Reducing your risk factors is the key to preventing heart failure.
Making healthy lifestyle changes and taking your doctor’s prescribed medications can help you control or eliminate many of the risk factors for heart disease.
When your coronary arteries become blocked, you suffer a heart attack.
When fatty deposits, such as cholesterol, accumulate over time, they form substances called plaques, which can narrow arteries (atherosclerosis).
This condition is called coronary artery disease. It is the biggest cause of heart attacks.
When a plaque ruptures, cholesterol and other substances are spilled into the bloodstream.
Blood clots form at the rupture site.
A large clot can block blood flow through the coronary artery, causing ischemia (shortness of breath).
The spasm of a coronary artery can also cause a heart attack by cutting off blood flow to part of the heart muscle.
Tobacco and illicit drugs, such as cocaine, can cause life-threatening spasms.
Fat deposits build up in the arteries throughout your body as a result of certain factors (atherosclerosis).
Many of these risk factors can be improved or eliminated to reduce your risk of having a heart attack.
A heart attack can be fatal.
The first thing you should do if you suspect a heart attack is to call 911 or receive emergency medical help.
Heart attacks are not all the same or all have the same severity of symptoms.
Pain levels can vary from mild to severe.
Not everybody experiences symptoms. In some cases, sudden cardiac arrest may be the first sign.
In general, the more warning signs you have, the greater your chances of having a heart attack.
The signs and symptoms of heart attacks can appear hours, days or weeks before a heart attack.
Symptoms may begin as recurrent chest pain or pressure (angina) that’s triggered by activity and relieved by rest.
A temporary decrease in blood flow to the heart leads to angina.
Take immediate action. There are many people who wait too long because they fail to recognize the important signs and symptoms.
Do not hesitate to seek medical attention if you suspect you are having a heart attack.
Call 911 or your local emergency number right away.
You should have someone drive you to the nearest hospital if you do not have access to emergency medical services.
If you have no other choice, drive yourself. You and others are at risk if you drive yourself while your condition worsens.
You should seek emergency medical attention if you see someone unconscious and believe they are having a heart attack.
Make sure the person is breathing and has a pulse. If the person isn’t breathing or doesn’t have a pulse, then you should begin CPR.
You should apply pressure to the person’s chest in a pretty rapid rhythm – about 100 to 120 compressions per minute.
If you haven’t been trained in CPR, only perform chest compressions.
If you have been trained in CPR, you can move on to opening the airway and restoring breathing.
A heart attack can cause pressure, tightness, pain, or a squeezing or aching sensation in your chest, arms, or neck that may spread to your neck, jaw, or back, as well as nausea, indigestion, heartburn, and shortness of breath.
Heart attacks can be treated effectively, especially if medical attention is received immediately.

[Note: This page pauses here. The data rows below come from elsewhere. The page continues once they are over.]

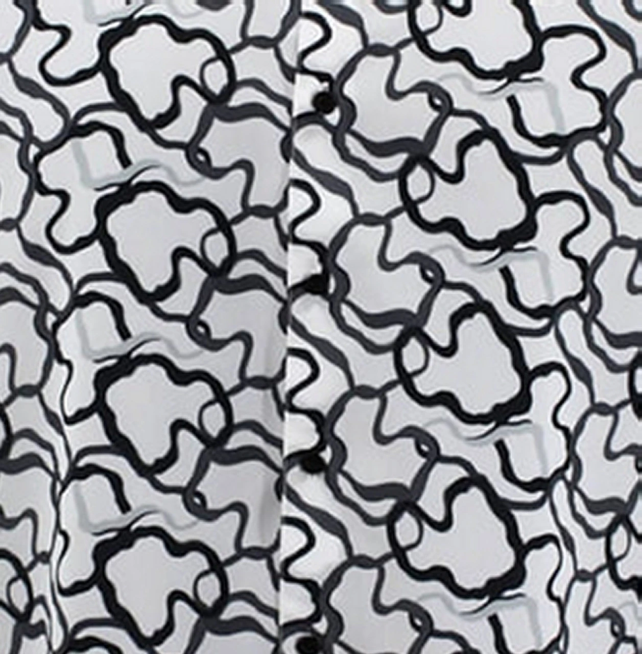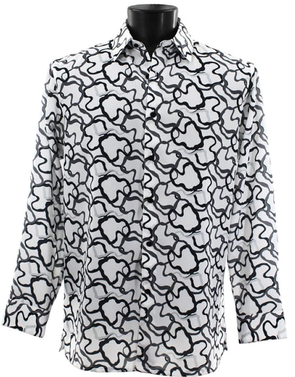 Bassiri Long Sleeve Camp Shirt – Black & Grey Squiggle Design
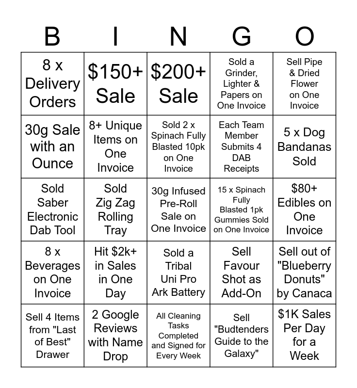 This bingo card has a free space and 24 words: Hit $2k+ in Sales in One Day, 2 Google Reviews with Name Drop, Sold 2 x Spinach Fully Blasted 10pk on One Invoice, Sell 4 Items from "Last of Best" Drawer, Sell Pipe & Dried Flower on One Invoice, 8 x Delivery Orders, 30g Sale with an Ounce, $150+ Sale, 15 x Spinach Fully Blasted 1pk Gummies Sold on One Invoice, Sold a Tribal Uni Pro Ark Battery, Each Team Member Submits 4 DAB Receipts, Sold Saber Electronic Dab Tool, Sell Favour Shot as Add-On, Sell out of "Blueberry Donuts" by Canaca, 8+ Unique Items on One Invoice, Sell "Budtenders Guide to the Galaxy", $80+ Edibles on One Invoice, $200+ Sale, 5 x Dog Bandanas Sold, Sold Zig Zag Rolling Tray, $1K Sales Per Day for a Week, 8 x Beverages on One Invoice, Sold a Grinder, Lighter & Papers on One Invoice and All Cleaning Tasks Completed and Signed for Every Week.
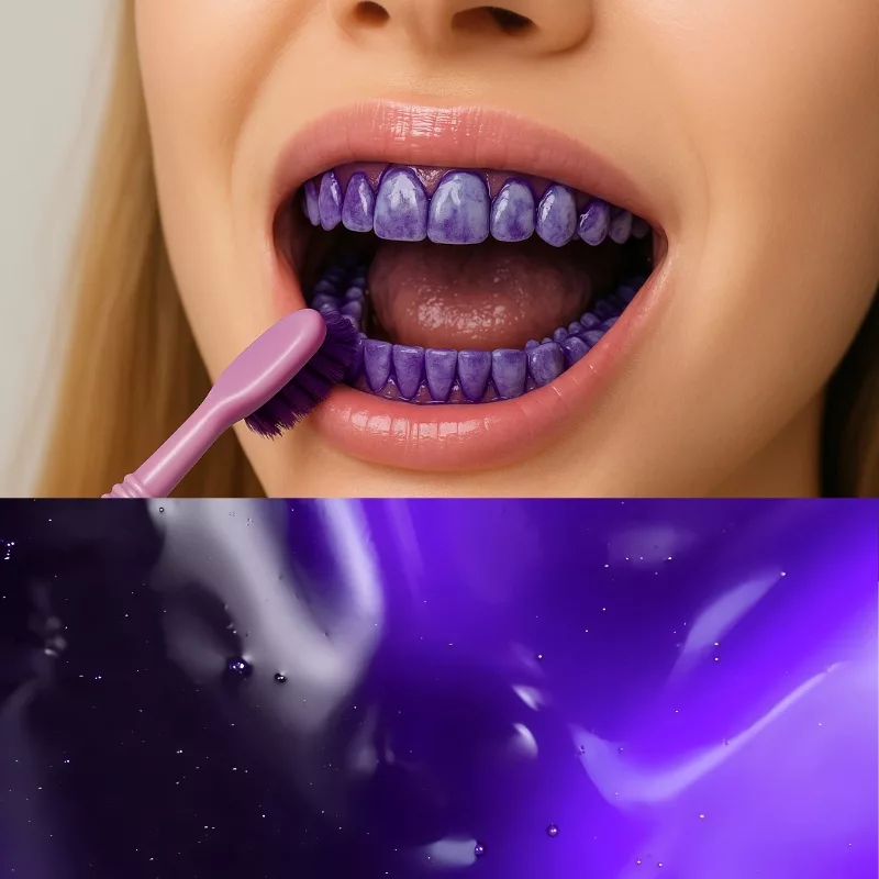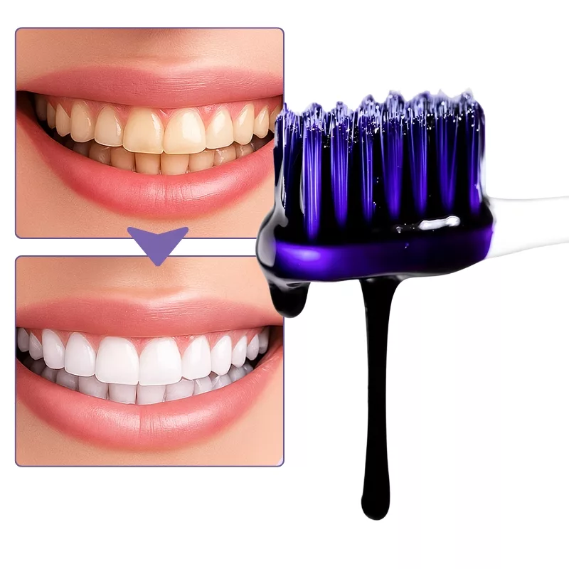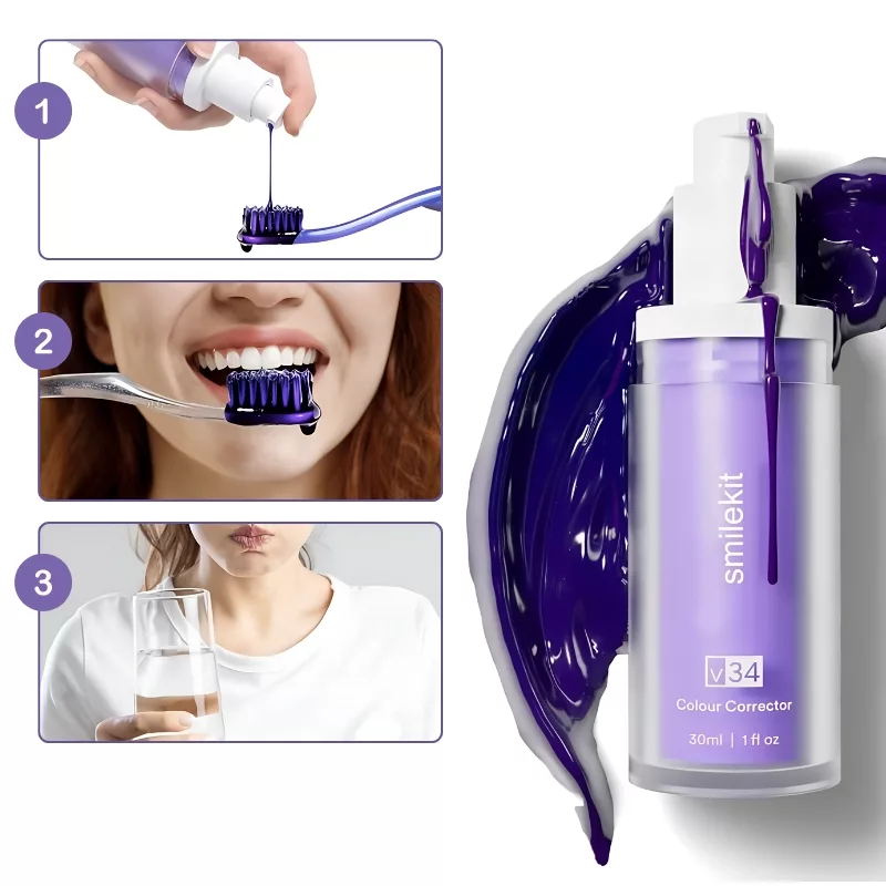 Erzielen Sie ein merklich weißeres Lächeln nach nur wenigen Anwendungen unserer violetten Zahnpasta. Sie hilft, gelbe Untertöne zu neutralisieren, ohne aggressive Chemikalien. Sie ist sicher für den Zahnschmelz und somit für den täglichen Gebrauch geeignet.

Nowadays, heart attacks have a 90% survival rate.
This is because doctors can diagnose and treat heart attacks much more easily now.
For this reason, you should seek medical help immediately.

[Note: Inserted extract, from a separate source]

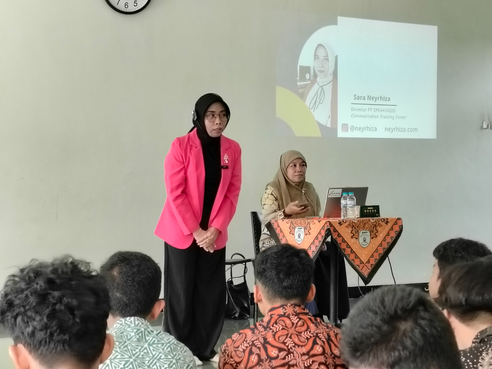 Sara Neyrhiza mengawali pelatihan dengan mengajak ratusan siswa untuk memahami pentingnya publik speaking. Ia menyampaikan tips berkomunikasi di hadapan publik harus siap mental dan punya teknik. Para siswa pun diajak berlatih teknik visual, vokal, dan verbal.
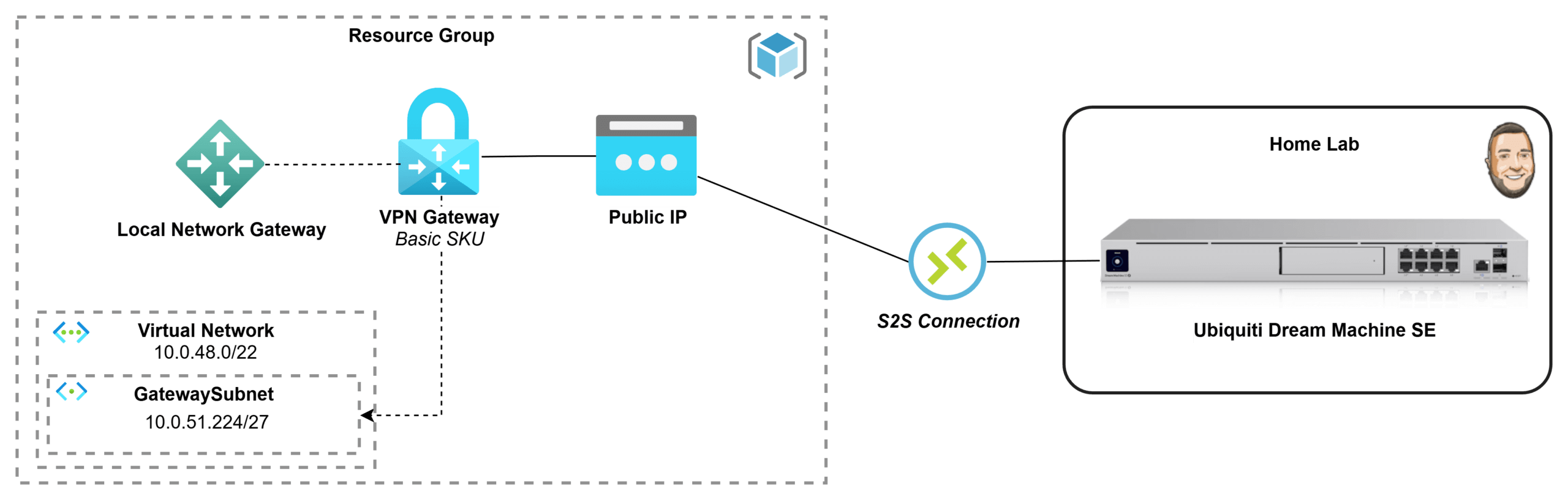 If you’ve got an Azure subscription through Visual Studio Enterprise, you’ve basically been handed the perfect playground for testing and learning in the cloud. But once you start building resources inside a private Azure network, you quickly hit the next challenge: how do you securely connect it back to your home lab without exposing everything to the internet? In this post, I’m going to go through the process of how I deployed a Basic Azure Virtual Network Gateway and connected it to my Ubiquiti Dream Machine, creating a secure site-to-site VPN tunnel between my Azure VNet and my home network. I wanted to document what that process looked like for me and share it in case it helps someone else doing the same thing.

Any condition that makes your artery walls weak may lead to one.
High blood pressure and atherosclerosis are the two most common causes.
Aneurysms can also be caused by deep wounds and infections.

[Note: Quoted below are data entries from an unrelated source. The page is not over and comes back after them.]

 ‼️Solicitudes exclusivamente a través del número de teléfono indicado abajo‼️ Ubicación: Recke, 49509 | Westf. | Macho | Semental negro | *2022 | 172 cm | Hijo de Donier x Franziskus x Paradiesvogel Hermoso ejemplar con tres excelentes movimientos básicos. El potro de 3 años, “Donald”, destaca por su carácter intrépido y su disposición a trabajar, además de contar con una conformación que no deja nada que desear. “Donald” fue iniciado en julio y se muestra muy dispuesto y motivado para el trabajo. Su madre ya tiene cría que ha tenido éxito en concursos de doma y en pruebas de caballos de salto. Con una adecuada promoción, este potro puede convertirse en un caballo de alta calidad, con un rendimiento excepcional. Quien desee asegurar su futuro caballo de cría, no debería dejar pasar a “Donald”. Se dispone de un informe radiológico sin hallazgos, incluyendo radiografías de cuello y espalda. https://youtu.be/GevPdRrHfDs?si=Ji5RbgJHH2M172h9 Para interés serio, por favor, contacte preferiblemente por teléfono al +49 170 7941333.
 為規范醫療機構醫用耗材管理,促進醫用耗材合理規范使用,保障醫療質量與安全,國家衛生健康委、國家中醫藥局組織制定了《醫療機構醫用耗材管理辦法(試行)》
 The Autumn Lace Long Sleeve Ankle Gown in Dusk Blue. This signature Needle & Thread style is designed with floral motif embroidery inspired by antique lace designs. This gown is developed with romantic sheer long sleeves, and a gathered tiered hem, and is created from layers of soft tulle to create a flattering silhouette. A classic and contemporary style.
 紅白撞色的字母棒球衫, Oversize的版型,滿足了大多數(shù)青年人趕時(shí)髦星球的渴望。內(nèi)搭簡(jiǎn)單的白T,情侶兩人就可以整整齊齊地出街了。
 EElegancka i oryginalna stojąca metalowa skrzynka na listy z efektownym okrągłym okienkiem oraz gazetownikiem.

Some people are born with weak arteries.
Medical attention is needed immediately.
A ruptured brain aneurysm is often described as the most severe headache of a person’s life.
It often occurs suddenly and lasts for days.
Heart failure is classified into four stages: A, B, C, and D. Stages A, B, and C are at highest risk of developing heart failure, while stage D is more advanced.
The most common form of heart disease and the main cause of heart failure is coronary artery disease.
Fat deposits build up in the arteries, reducing blood flow and causing heart attacks.
When a coronary artery becomes totally blocked, a heart attack occurs suddenly.